First of all, since you have already paid taxes on the money you contribute, you can withdraw your contributions (but not your investment income) at any time and for any reason, without paying an early withdrawal penalty to the IRS. In addition, there is no maximum age to contribute to a Roth IRA, nor is there a minimum need for distribution once you reach a certain age.
The ability to contribute directly to a Roth IRA is limited by income. For 2018, your income must comply with these limitations in order to invest in a Roth IRA:
Tax return status |
2018 Roth IRA full contribution limit AGI |
Phasing out limit for partial contribution |
---|---|---|
Single or head of household |
$ 120,000 |
$ 135,000 |
Married Jointly |
$ 189,000 |
$ 199,000 |
Marriage filed separately |
$ 0 |
$ 10,000 |
If you do not meet the income criteria, you may be able to contribute via the backdoor method. Essentially, it means contributing to a traditional IRA and immediately converting the account to a Roth.
What is the best for you?
The best choice for you depends on your personal situation. From a purely fiscal point of view, a traditional IRA makes more sense for a person whose income is relatively high and who is likely to be in a lower tax bracket after retirement. On the other hand, a Roth IRA makes more sense for savers whose income is relatively low and who will not pay much tax on their contributions.
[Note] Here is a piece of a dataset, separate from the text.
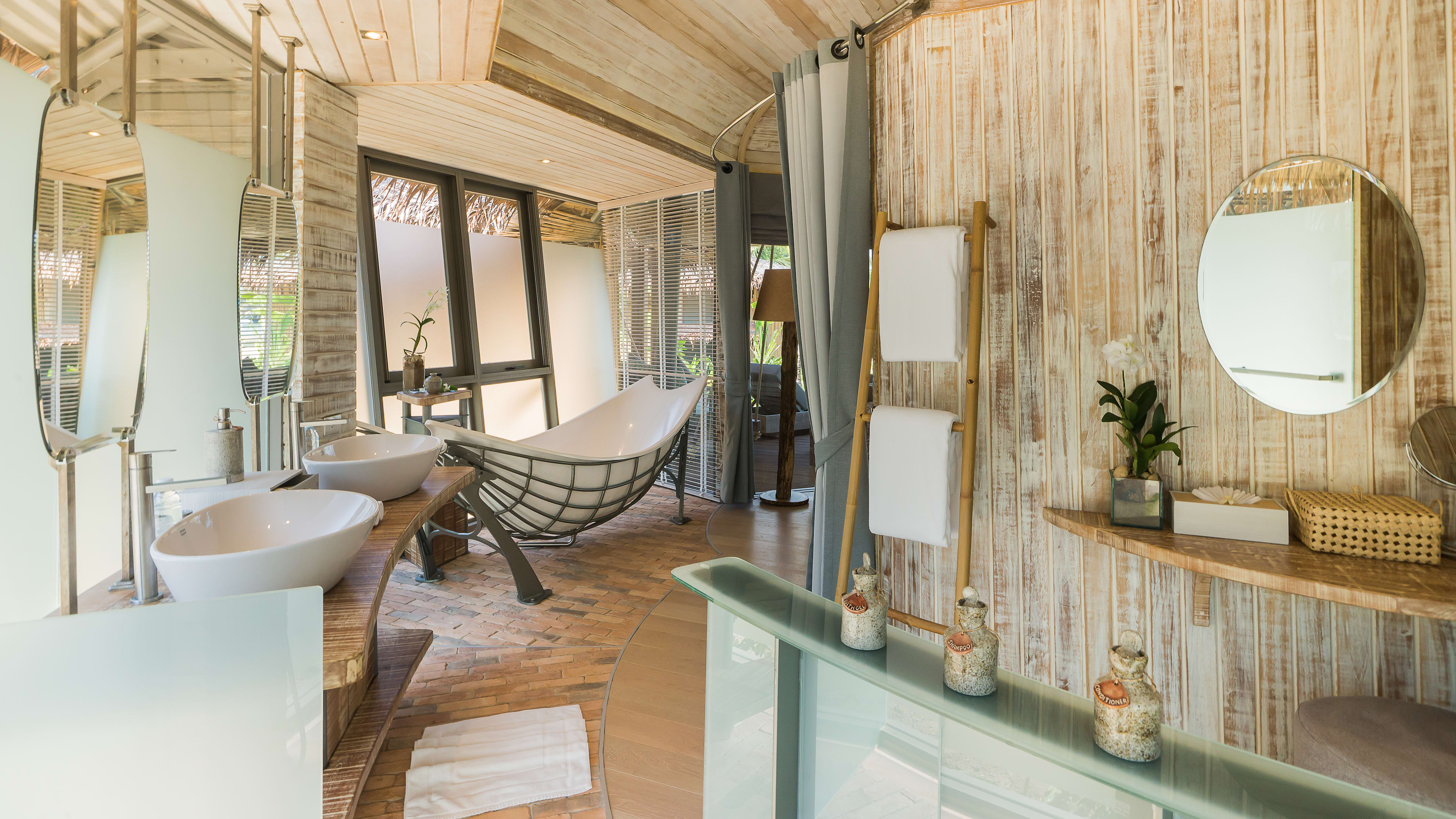 While the beachfront pool villas have their undeniable charms, we won’t be persuaded away from our first choice: the TreeHouse Villa. With two floors (one outdoor and one indoor) stacked on top of each other and cradled in sprouting tropical plant life, these villas combine the best of the jungle with the beach and bay still within easy reach. The first-floor balconies, designed for romantic moments for two, give a real sense of suspension in the tree canopy itself. And let’s be honest, whose inner child can resist the lure of a treehouse?
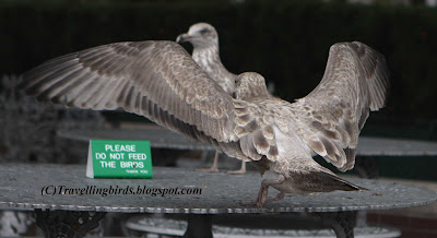 Esta foto es genial; las gaviotas se estaban poniendo moradas a patatas fritas... Aquí podemos ver con detalle el diseño alar y las infra y supra caudales típicas. Llamativas son las secundarias uniformes y oscuras, contrastando con las algo más claras y también uniformes grandes cobertoras.

As a personal example, I used a Roth IRA for a few years after college, while I was a new high school teacher, but while my income was starting to increase a little, I went to the traditional way.
That being said, some of the benefits of a Roth IRA need to be taken into account, particularly the ability to withdraw contributions at any time. If your least favorite thing about retirement savings is to keep your money for decades, a Roth could be the best choice.
As I said, it all depends on your level of income and your personal preferences. As long as you qualify for the tax benefits of each, you will not go wrong with any of these options, but by assessing the benefits of each, you will be able to make the best choice for you (and for your future).